ECLI:NL:TADRAMS:2025:183 Raad van Discipline Amsterdam 24-962/A/A
| ECLI: | ECLI:NL:TADRAMS:2025:183 |
|---|---|
| Datum uitspraak: | 06-10-2025 |
| Datum publicatie: | 10-10-2025 |
| Zaaknummer(s): | 24-962/A/A |
| Onderwerp: | Tuchtprocesrecht, subonderwerp: Hoger beroep niet mogelijk |
| Beslissingen: | Beslissing op verzet |
| Inhoudsindicatie: | Verzet ongegrond. |
Beslissing van de Raad van Discipline in het ressort Amsterdam
van 6 oktober 2025
in de zaak 24-962/A/A
naar aanleiding van het verzet tegen de beslissing van de plaatsvervangend voorzitter
van de raad van discipline van 3 februari 2025 op de klacht van:
klaagster
gemachtigde: De heer O.J. de Rooij
over:
verweerder
1 VERLOOP VAN DE PROCEDURE
1.1 Op 20 juli 2024 heeft klaagster bij de deken van de Orde van Advocaten in
het arrondissement Amsterdam (hierna: de deken) een klacht ingediend over verweerder.
1.2 Op 23 december 2024 heeft de raad het klachtdossier met kenmerk 2359670/JS/BF
van de deken ontvangen.
1.3 Bij beslissing van 3 februari 2025 heeft de plaatsvervangend voorzitter van
de raad (hierna ook: de voorzitter) de klacht gedeeltelijk kennelijk ongegrond en
gedeeltelijk kennelijk niet-ontvankelijk verklaard (artikel 46j Advocatenwet) en daarnaast
gedeeltelijk niet-ontvankelijk verklaard (artikel 46g, lid 1 onder a Advocatenwet).
Deze beslissing is op dezelfde datum verzonden aan partijen.
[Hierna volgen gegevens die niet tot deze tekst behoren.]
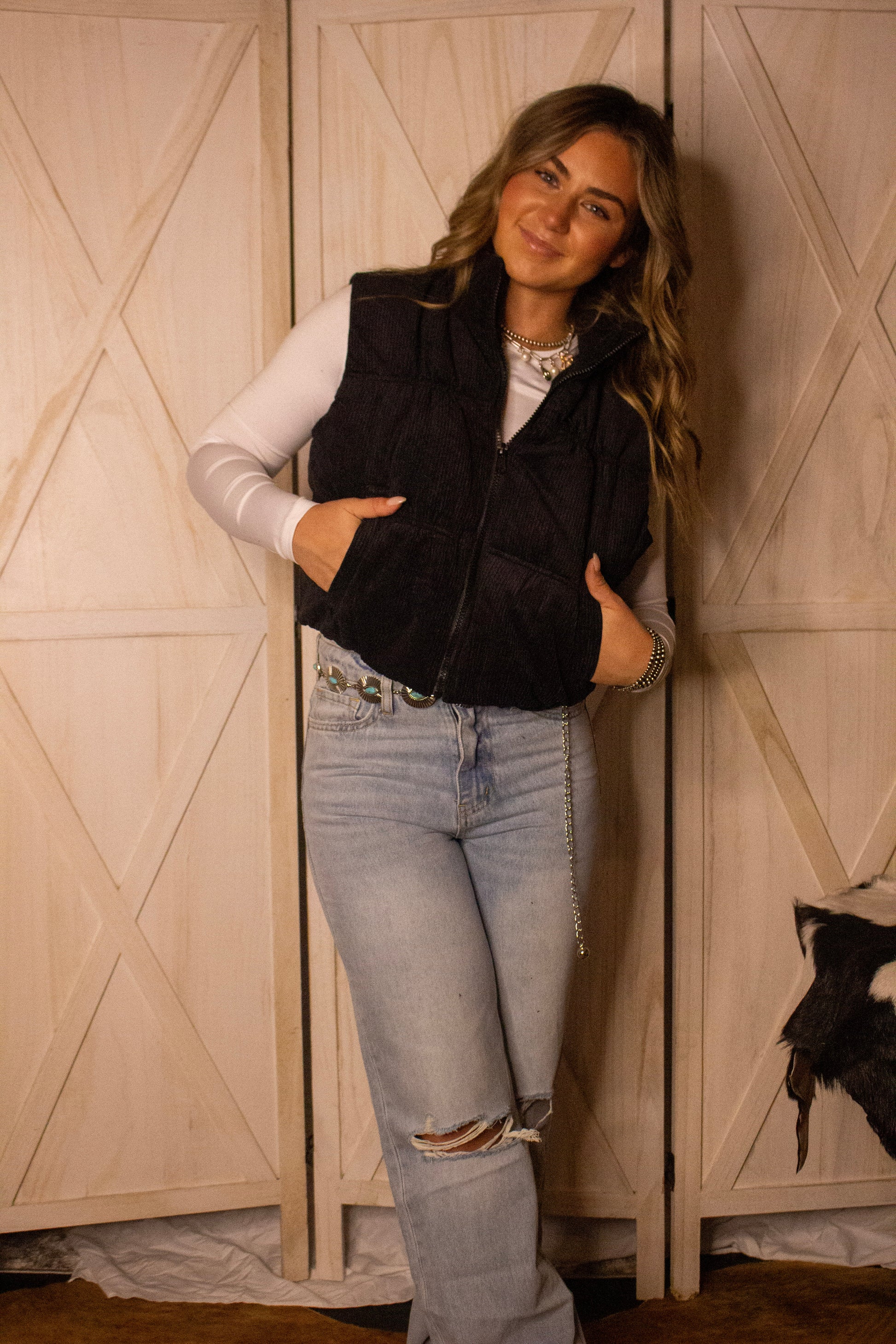 Talk about a versatile piece! This is such a cute vest! Size up for a longer fit. Pair it with a bodysuit, long sleeve top, or your favorite crewneck/hoodie!

1.4 Op 5 maart 2025 heeft klaagster verzet ingesteld tegen de beslissing van
de voorzitter. De raad heeft het verzetschrift op diezelfde datum ontvangen. Op 1
juni 2025 zijn namens klaagster nagezonden stukken ingediend, die het voorgeschreven
aantal van 25 pagina’s overschreden. Aan klaagster(s gemachtigde) is meegedeeld dat
ter zitting zou worden beoordeeld of de stukken zouden worden geaccepteerd. Op 2 juni
2025 heeft de gemachtigde van klaagster een pleitnota toegezonden.
1.5 Het verzet is in eerste instantie behandeld op de zitting van de raad van
16 juni 2025. Daarbij waren klaagster met haar gemachtigde en verweerder aanwezig.
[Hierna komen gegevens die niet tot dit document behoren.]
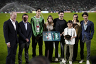 Torreón, Coahuila, 15 de noviembre de 2025. Oribe Peralta recibió un reconocimiento de Mikel Arriola, Ivar Sisniega y Alejandro Irarragorri Kalb, durante el partido de preparación del MEXTOUR 2025, entre la Selección Nacional de México y la Selección de Uruguay, realizado en el estadio Corona. Foto: Imago7/ Etzel Espinosa

Tijdens de zitting is beslist dat de nagekomen stukken - ondanks hun omvang - werden
geaccapteerd. Deze stukken zijn aan het procesdossier toegevoegd.
1.6 Tijdens de zitting heeft de gemachtigde van klaagster de voorzitter gewraakt.
Bij beslissing van 27 juni 2025 (kenmerk 25-397/DH/NH/W) heeft de wrakingskamer het
wrakingsverzoek afgewezen.
1.7 Het verzet is vervolgens opnieuw gepland op de zitting van 25 augustus 2025.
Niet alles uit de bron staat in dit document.